IP technology and services sent shock waves through the telecom industry, and now they are wreaking havoc on the telecoms billing industry. In a new report, US IP Billing Market Forecast and Analysis, 1999-2004, IDC sorts through the confusion.
“While IP technology may be able to provide for gee whiz applications and services, the potential of these new businesses is nothing without the ability to bill for them,” said Iain Gillott, group vice president of IDC research.
Telecommunications networks cannot distinguish between the type of content being accessed or the application being used. For example, the billing system may not be able to determine if the content is voice or data, involves valuable applications or valueless surfing, or is using ASP-supported applications or email.
Internet service providers and telcos have offered flat-rate pricing plans or tiered, flat-rate plans based on service. However, with competition eroding price for voice services, operators are hoping for more money from data services. Because of a lack of industry standards, each billing company must create its own algorithms for measuring packets and converting them into minutes.
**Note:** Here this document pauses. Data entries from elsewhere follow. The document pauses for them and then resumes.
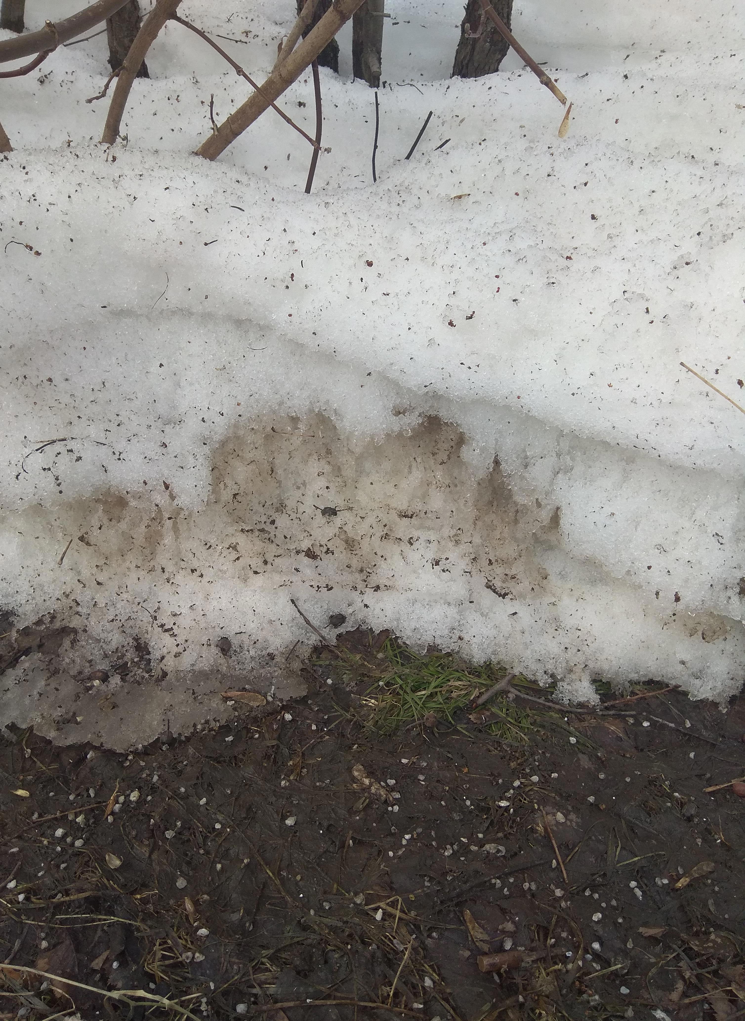 Вот такие грязные кучки, а под ними трава оживает.
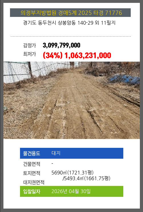 동두천대지경매 동두천시 상봉암동 140-29 외 11필지 №2025 타경 71776
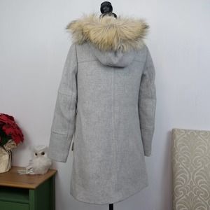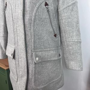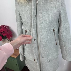 J. Crew Italian Stadium Cloth Wool Coat Size 0 Chateau Parka Removable Fur Hood
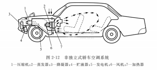 非獨立式汽車空調(diào)系統(tǒng)的制冷壓縮機由汽車本身的發(fā)動機驅(qū)動,汽車空調(diào)系統(tǒng)的制冷性能受汽車發(fā)動機工況的影響較大,工作穩(wěn)定性較差。尤其是在低速時制冷量不足,而在高速時制冷量過剩,并且消耗功率較大,影響發(fā)動機動力性能。這種類型的汽車空調(diào)系統(tǒng)一般用于制冷量相對較小的中小型汽車上,如圖2-12所示。
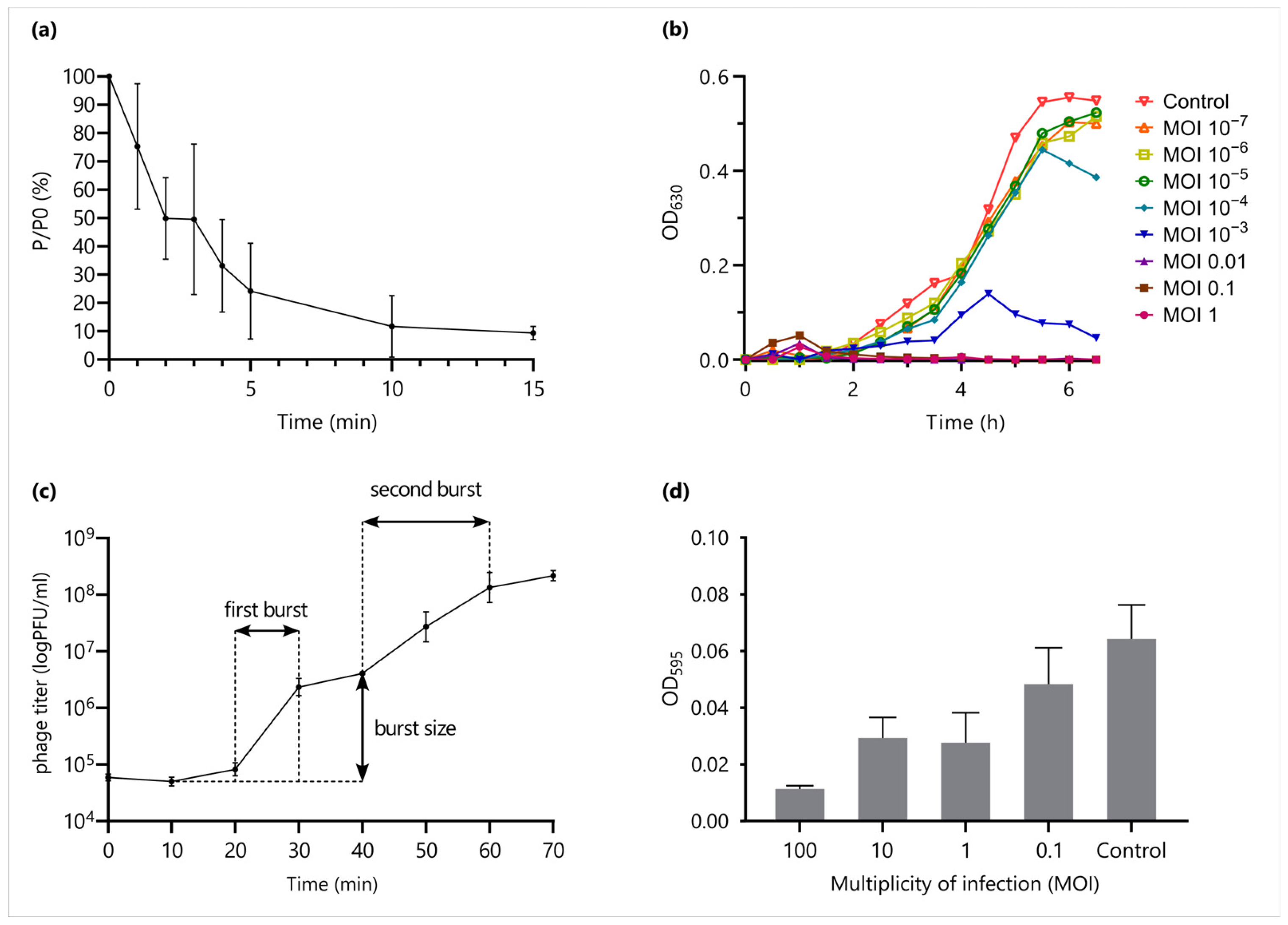 2.3. Phage Adsorption, Lytic Efficiency and One-Step Growth Curve

A horde of new IP billing vendors have rushed to market in the past few years to try to solve the problems. “The incumbent billing vendors were caught off-guard,” Gillott said. “Their slow reaction created an opportunity for competitive IP billing vendors, some of whom are now enjoying more success than their competitors.”
IDC’s new report, US IP Billing Market Forecast and Analysis 1999-2004, discusses the need for IP billing, how it is accomplished, and the challenges the market faces. The report includes forecasts for IP wireless and wireline and broadband telecom services.